In short, all directors have the same fiduciary responsibilities as they are regarded as stewards of the organisation by the shareholders. The shareholders and employees expect them to understand the business operations and bear responsibility for their decisions.
In the case of furniture maker Kenmark Industrial Co, Taiwanese managing director (MD) James Hwang Ding Kuo and executive director (ED) Chang Chin Chuang have disappeared.
For the last five years, the company’s receivables – delivery of goods where payments are still pending – have been increasing with revenue decreasing.
In its quarterly report for 3Q 2010, receivables shot up to RM248.7mil even as revenue continued to drop with its cash balance as at Dec 31 standing at only RM2.2mil while debts totalled RM141.4mil.
It’s really a horror story. The point is this – why didn’t the directors ask what was wrong?
While the MD and ED have packed off, certainly the entire board must take responsibility for the disgraceful event in Kenmark.
Hwang has reportedly said he has been sick and unconscious in the past weeks and recuperating in China.
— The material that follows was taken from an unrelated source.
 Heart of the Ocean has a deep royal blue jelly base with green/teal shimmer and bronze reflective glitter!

But the company, which has been taken over by new shareholders, needs urgent handling.
In the case of Sime Darby, the overruns of its Bakun project has chalked up to RM1.8bil. It’s more than just a fiasco.
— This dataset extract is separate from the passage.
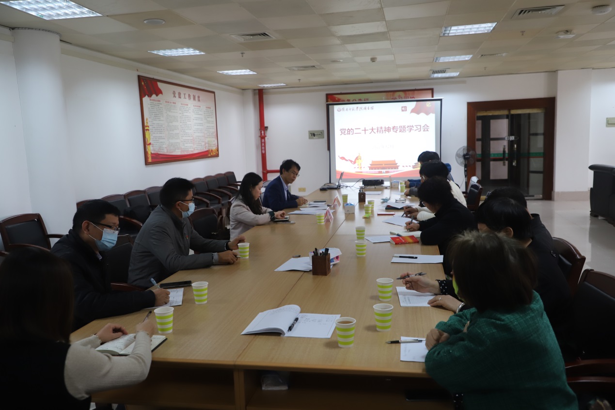 会上,李健彬作《学习贯彻党的二十大精神,擦亮“书香党建”新品牌》的主题发言,就党的二十大报告中“推进文化自信自强,铸就社会主义文化新辉煌”方面做了阐述,并结合图书馆党总支具体实践工作谈了体会。李健彬提到,图书馆作为一个教辅单位,把“书香党建”作为自己的特色和品牌,把“传播文化”、“以文化人”和“服务育人”作为主要的工作内容,正契合了党的二十大报告所提出的“育新人、兴文化、传承中华优秀传统文化”的要求。他表示,图书馆党总支将继续认真贯彻落实《岭南师范学院党委理论学习中心组学习规则》,进一步推进理论学习中心组学习制度化规范化,推动理论学习成果转化为实际工作成绩,提升党员群众服务育人的水平和能力,为学校的高质量发展提供应有的贡献。

Tun Dr Mahathir Mohamad, who has asked for shared responsibility, has revealed that the Government has made a RM700mil compensation to Sime Darby. We are talking of public money because the Government’s coffers come from taxpayers’ money.
He is right. The departure of chief executive officer Datuk Seri Ahmad Zubir Murshid isn’t enough. The whole board cannot continue to enjoy their directors’ fees and perks while refusing to take responsibility for the massive losses.
After all, the project has been delayed for three years and surely the board should see the cost overruns.
The directors cannot say that they were not aware of the project, the risk factor and the losses. And if they were aware, did they raise the red flag and put on record their reservations as required under the law?
Sime Darby chairman Tun Musa Hitam has said that he would leave it to the shareholders to decide whether the board should resign.
In fact, if the directors have any dignity and any sense of accountability, they should not offer themselves for re-election. There should be no sacred cows; if they have to go, they have to go.
In fact, the shareholders and even the public deserve to see a detailed and full disclosure of Sime’s losses in its energy and utilities divisions.
No project is guaranteed of profits and many profit-making companies have divisions that are still trying to make money but the board is required to conduct regular performance review and query the company’s project management panel.
The core business of Sime Darby is plantation – its problem started when it began to do business in areas it has no business to be involved in.
It is the board’s responsibility to study the risks involved in any venture outside the company’s core business and they must take responsibility for their decisions.
The public buy Sime Darby shares for its plantation concerns and certainly not for its utilities and energy ventures, or rather adventures.
Transparency is obviously missing in the case of Sime Darby and Kenmark. They have given Malaysia a bad name.
The directors of these two companies should just quit if they believe in good corporate governance and accountability.